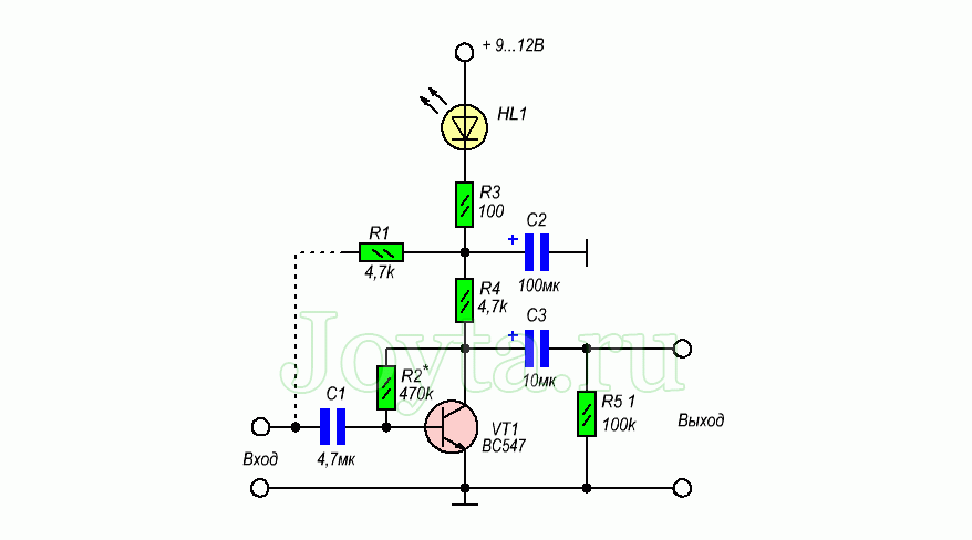 Резистор R1 используется только в сочетании с двухконтактным электретным микрофоном. Сопротивление 2,2 кОм обеспечит хорошую динамику.
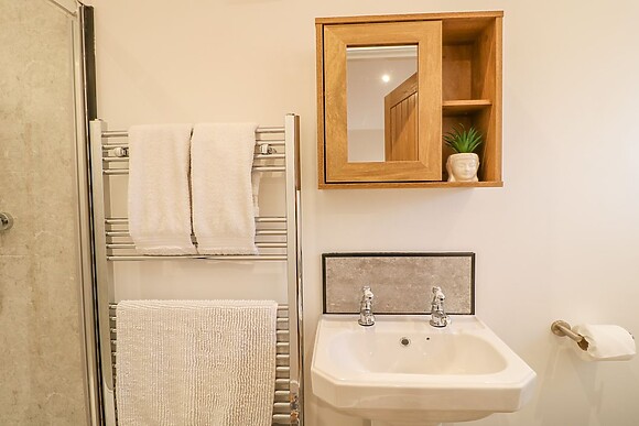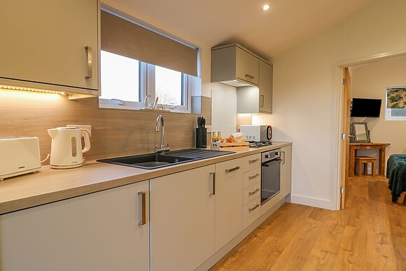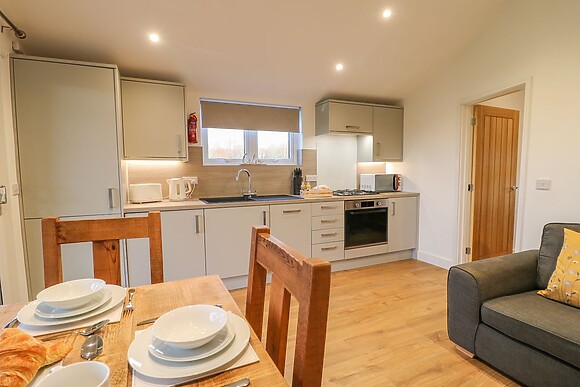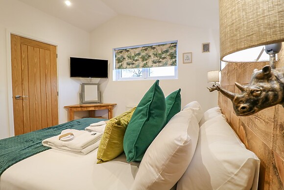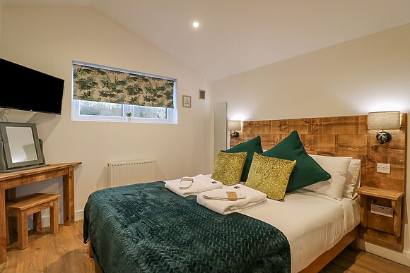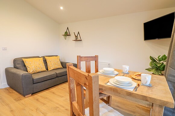 After dinner, head outdoors to watch the stars appear, before climbing into the babbling hot tub for an indulgent soak. Refresh in the contemporary en-suite shower room, before retiring to the plush double bed, enveloped by homely furnishings, ample storage, and a TV.
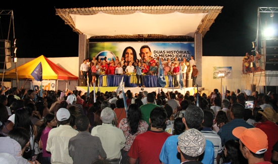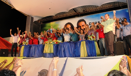 Foi montado um cenário digno de grandes festas políticas na área aberta do Clube e o palco serviu para montagem da mesa que foi formada pelos candidatos a prefeito e vice, vereadores da coligação formada por dez partidos: PSD, PT, PTC, PR, PRB, PRTB, DEM, PPL, PP e PCdoB, e terá entre 40 e 45 candidatos a vereador e lideranças da sede e zona rural do município.
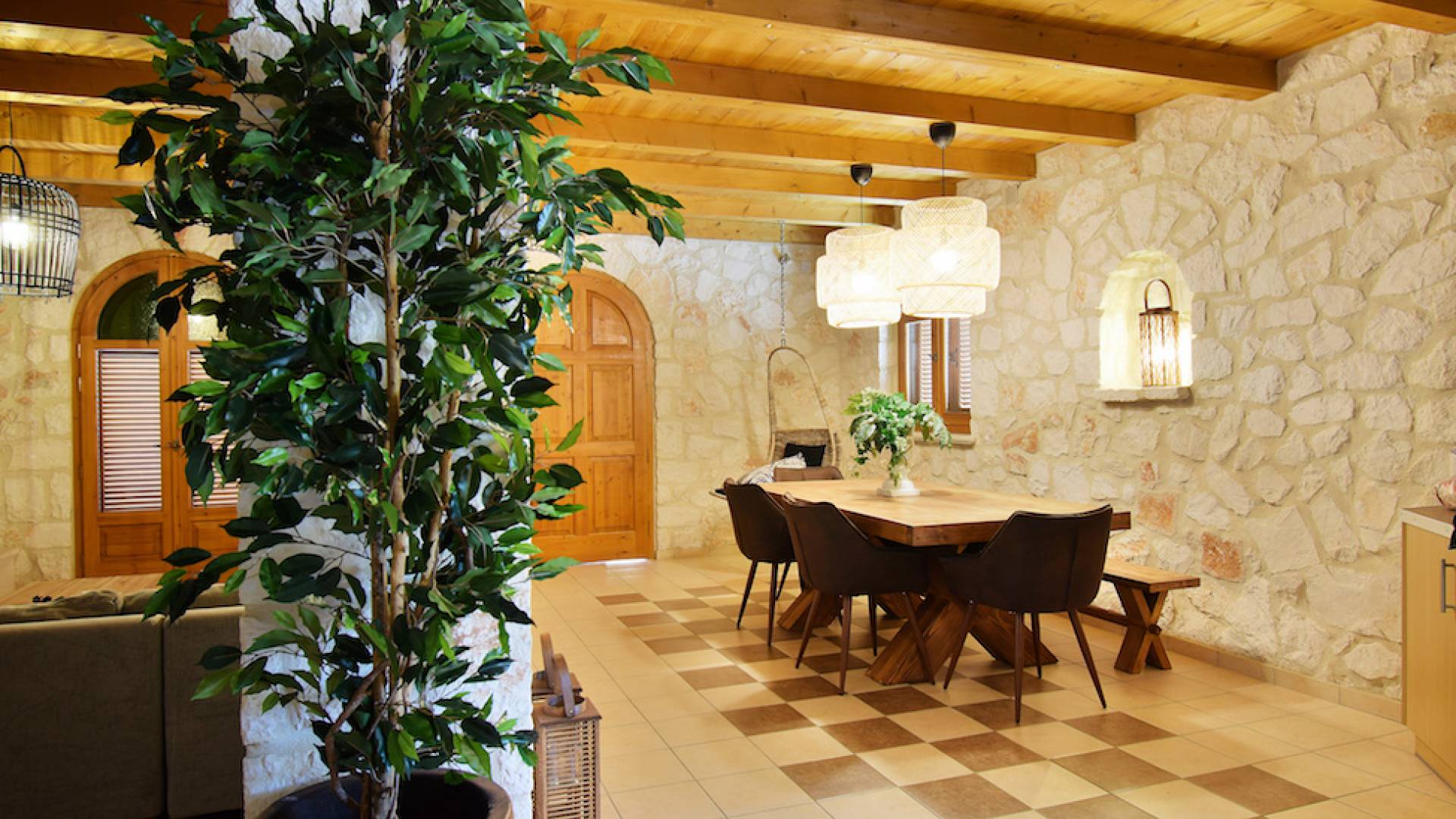 Jootiq Villas, mixing a magnificent stone-built concept with top-notch facilities and supreme comfort, all in a luscious location overwhelmed by surrounding olive groves.
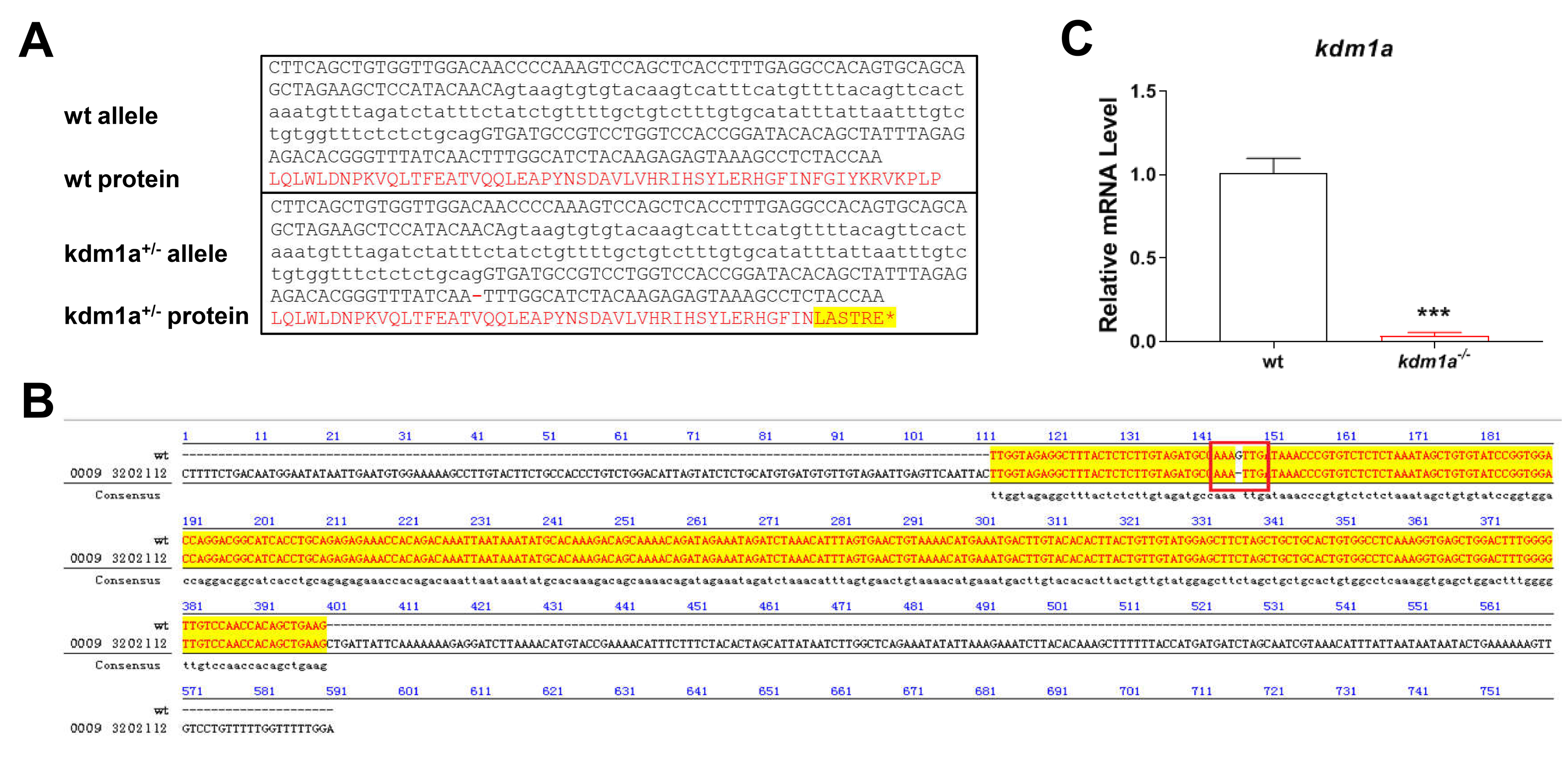 In this study, kdm1a deficient zebrafish were constructed using (clustered regularly interspaced short palindromic repeat) Clustered Regularly Interspaced Short Palindromic Repeats/CRISPRassociated protein 9 (CRISPR/Cas9) and the neurodevelopment was systematically assessed by a series of behavioral tests.
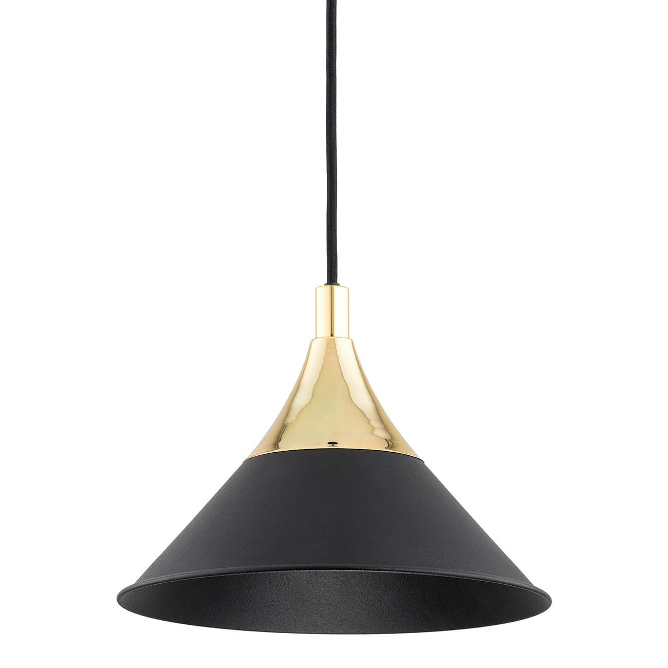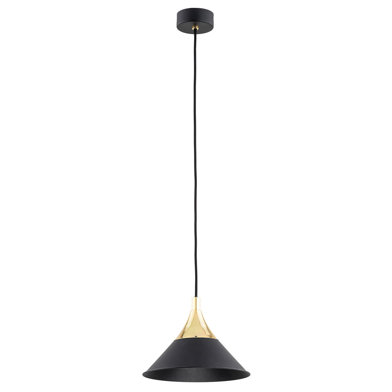 Prosta lampa wisząca ze stożkowym kloszem ze stali w kolorze czarnym i drobnymi złotymi akcentami. Lampa MASSETO to idealna metalowa lampa do kuchni lub salonu. Ta lampa wisząca pochodzi z polskiej manufaktury oświetlenia ARGON.
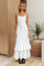 White Textured Shoulder Tie Layered Hem Maxi Dress
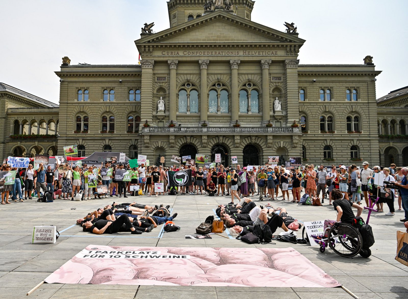 Mit der Demonstration wollte die Organisation "Tier im Fokus" die Abstimmungskampf gegen die Massentierhaltung unterstützen. Die Teilnehmer skandierten Slogans zu Trommelklängen und hielten Transparente hoch, wie eine Korrespondentin der Nachrichtenagentur Keystone-SDA meldete.

══════════

TASK DIRECTIONS: What you give back should be exactly the lines from the top of the data above down to and including the line with "After dinner, head", minus any pictures.

ANSWER FOR THIS EXERCISE:
 Резистор R1 используется только в сочетании с двухконтактным электретным микрофоном. Сопротивление 2,2 кОм обеспечит хорошую динамику.
 After dinner, head outdoors to watch the stars appear, before climbing into the babbling hot tub for an indulgent soak. Refresh in the contemporary en-suite shower room, before retiring to the plush double bed, enveloped by homely furnishings, ample storage, and a TV.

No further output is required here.